前言
SQL优化的终极境界是回归需求本质。理解需求,正是高效SQL的起点,而改写SQL往往是优化的关键手段。
本系列暂时不对执行计划做过多的分析,虽然它在SQL优化中至关重要。原因很简单:如果不能深入理解业务需求,即使精通执行计划分析,面对那些"九曲十八弯"的复杂SQL,我们依然会束手无策。
文中案例的SQL语句全部来自真实的生产系统,SQL语句大多非常繁琐,希望大家有空的时候能克服烦躁,耐心阅读完。我在审核这样的SQL时不但要看懂这么繁琐的语句,还要完成高效的等价改写来调优,这需要读懂开发人员代码编写的需求背后的真正含义。
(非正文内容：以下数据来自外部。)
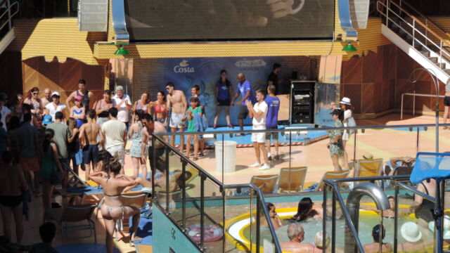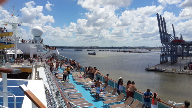 Al embarcar, lo primero que hice fue ir hasta el camarote, ver que todo funcione y luego empecé a recorrer el barco para tratar de ubicarme. Recordar y memorizar mi número de camarote, ver dónde estaba ubicado, fue mi primera tarea y algo que para mi fue importante y te recomiendo, es conocer a la persona que hará la limpieza del camarote, porque esto te ayudará a qué cuando necesites algo, ya sabrás a quien acudir. ¡Ah! no quiero olvidarme de comentarte el tema de los adaptadores, fíjate los enchufes del camarote, en mi caso fue necesario utilizar adoptadores europeos. En este crucero puntualmente te entregaban 1 adaptador por camarote y lo debías retornar a las horas. Entonces, cargar celulares, cámaras de fotos, resultaba de lo más engorroso. Por eso si podés, llevá los tuyos y que sean varios. Otro tema es que, cómo las maletas llegan más tarde, mi recomendación es la siguiente: si querés disfrutar de la piscina antes de salir, llevá en tu bolso de mano tu traje de baño y mientras esperas a que el barco zarpe del puerto podrás darte más de un chapuzón en la piscina, te garantizo que serás la envidia de muchos. Otro tema importante: las fotos que podés tomar antes de salir serán geniales, sobre todo de los lugares comunes porque no habrá tanta gente por ahí.
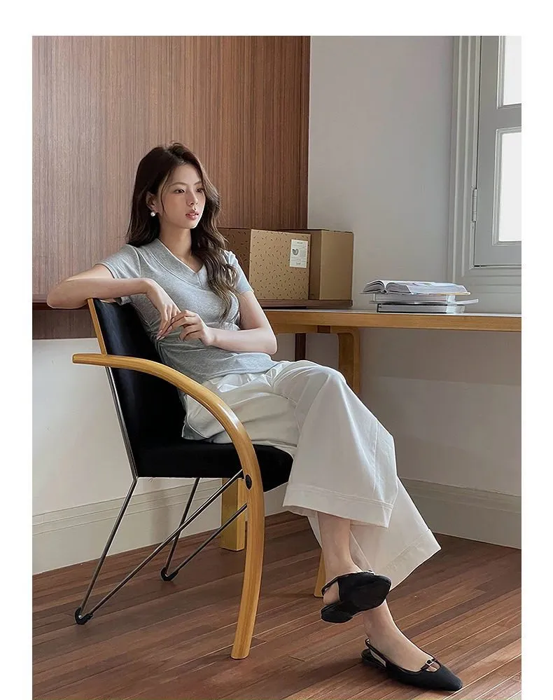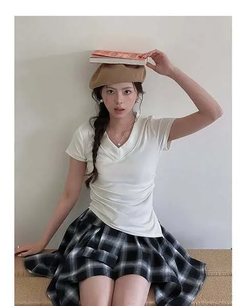 顯瘦天花板!這件純色大V領收腰Tee必收

低效语句往往在开发投入生产初期由于数据量少而不能被识别出来,等运行了一段时间数据量大涨后才暴露出来。根据经验,生产中和数据库相关的80%的故障都来自不良SQL,因此今天根据审核SQL的心得,总结为如下三部分,共计12个经典案例,希望对大家有用。
一.统一天下(合并代码,减少表扫描)
合理整合SQL逻辑,一次查询解决多个需求,让数据库少跑路。
案例1 注重COUNT(CASE WHEN)的合并魔力
看到这个SQL,你可能第一反应是"天啊,这么长!":
select distinct ne_state.peer_id peer_name,
to_char(ne_state.ne_state) peer_state,
(case
when ne_state.ne_state = 0 then
to_char(0)
else
(select distinct to_char(nvl(ne_active.active, 0))
from dcc_sys_log,
(select peer_id,
decode(action,
'active',
1,
'de-active',
0,
0) active,
max(log_time)
from dcc_sys_log
where action = 'active'
or action = 'de-active'
group by (peer_id, action)) ne_active
where dcc_sys_log.peer_id = ne_active.peer_id(+)
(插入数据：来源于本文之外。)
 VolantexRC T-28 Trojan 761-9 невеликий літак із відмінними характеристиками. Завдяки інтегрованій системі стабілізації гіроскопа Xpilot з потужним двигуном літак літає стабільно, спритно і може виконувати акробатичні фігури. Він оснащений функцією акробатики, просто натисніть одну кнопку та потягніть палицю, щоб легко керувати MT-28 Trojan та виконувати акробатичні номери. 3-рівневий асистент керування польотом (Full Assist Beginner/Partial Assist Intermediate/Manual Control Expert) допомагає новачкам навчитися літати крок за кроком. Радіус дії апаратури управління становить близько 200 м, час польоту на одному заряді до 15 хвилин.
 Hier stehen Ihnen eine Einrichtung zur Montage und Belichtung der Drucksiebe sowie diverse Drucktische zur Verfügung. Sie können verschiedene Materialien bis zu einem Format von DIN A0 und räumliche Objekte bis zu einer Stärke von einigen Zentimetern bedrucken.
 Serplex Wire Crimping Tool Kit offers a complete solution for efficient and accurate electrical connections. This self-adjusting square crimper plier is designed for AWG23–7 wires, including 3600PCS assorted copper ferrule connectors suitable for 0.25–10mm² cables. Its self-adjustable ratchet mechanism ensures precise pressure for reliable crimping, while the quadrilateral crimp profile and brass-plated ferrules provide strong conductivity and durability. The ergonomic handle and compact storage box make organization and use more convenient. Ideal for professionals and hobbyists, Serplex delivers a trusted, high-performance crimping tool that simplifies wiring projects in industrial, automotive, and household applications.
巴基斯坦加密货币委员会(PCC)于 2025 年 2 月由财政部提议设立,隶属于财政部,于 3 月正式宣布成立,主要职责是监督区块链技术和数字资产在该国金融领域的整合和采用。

and dcc_sys_log.peer_id = ne_state.peer_id)
end) peer_active,
(case
when ne_state.ne_state = 0 then
to_char(0)
else
(to_char(nvl((select count(*)
from dcc_ne_log
where dcc_ne_log.result <> 1
and peer_id = ne_state.peer_id
and log_time between
trunc(sysdate) and sysdate
group by (peer_id)),
0)))
end) err_cnt,
(case
when ne_state.ne_state = 0 then
to_char(0)
else
(to_char(nvl((select count(*)
from dcc_ne_log in_dnl
where in_dnl.direction = 'recv'
and in_dnl.peer_id =
ne_state.peer_id
and log_time between
trunc(sysdate) and sysdate),
0)))
end) recv_cnt,
(case
when ne_state.ne_state = 0 then
to_char(0)
else
(to_char(nvl((select sum(length)
from dcc_ne_log in_dnl
where in_dnl.direction = 'recv'
and in_dnl.peer_id =
ne_state.peer_id
and log_time between
trunc(sysdate) and sysdate),
0)))
end) recv_byte,
(case
when ne_state.ne_state = 0 then
to_char(0)
else
(to_char(nvl((select count(*)
from dcc_ne_log in_dnl
where in_dnl.direction = 'send'
and in_dnl.peer_id =
ne_state.peer_id
and log_time between
trunc(sysdate) and sysdate),
0)))
end) send_cnt,
(case
when ne_state.ne_state = 0 then
to_char(0)
else
(to_char(nvl((select sum(length)
from dcc_ne_log in_dnl
where in_dnl.direction = 'send'
and in_dnl.peer_id =
ne_state.peer_id
and log_time between
trunc(sysdate) and sysdate),
0)))
end) send_byte
from dcc_ne_log,
(select distinct dsl1.peer_id peer_id,
nvl(ne_disconnect_info.ne_state, 1) ne_state
from dcc_sys_log dsl1,
(select distinct dnl.peer_id peer_id,
decode(action,
'disconnect',
0,
'connect',
0,
1) ne_state
from dcc_sys_log dsl, dcc_ne_log dnl
where dsl.peer_id = dnl.peer_id
and ((dsl.action = 'disconnect' and
dsl.cause = '关闭对端') or
(dsl.action = 'connect' and
dsl.cause = '连接主机失败'))
and dsl.log_time =
(select max(log_time)
from dcc_sys_log
where peer_id = dnl.peer_id
and log_type = '对端交互')) ne_disconnect_info
where dsl1.peer_id = ne_disconnect_info.peer_id(+)) ne_state
where ne_state.peer_id = dcc_ne_log.peer_id(+)
问题诊断:
- 一眼看去,代码冗长复杂
- 多次重复扫描同一张表(dcc_ne_log),仅条件不同
- 存在多个子查询和复杂嵌套
- 执行时间:超过300秒!
优化思路:寻找合并机会
分析发现:err_cnt、recv_cnt、recv_byte、send_cnt、send_byte这5个字段全部来自同一张表,只是过滤条件不同。这是典型的"可合并查询"场景!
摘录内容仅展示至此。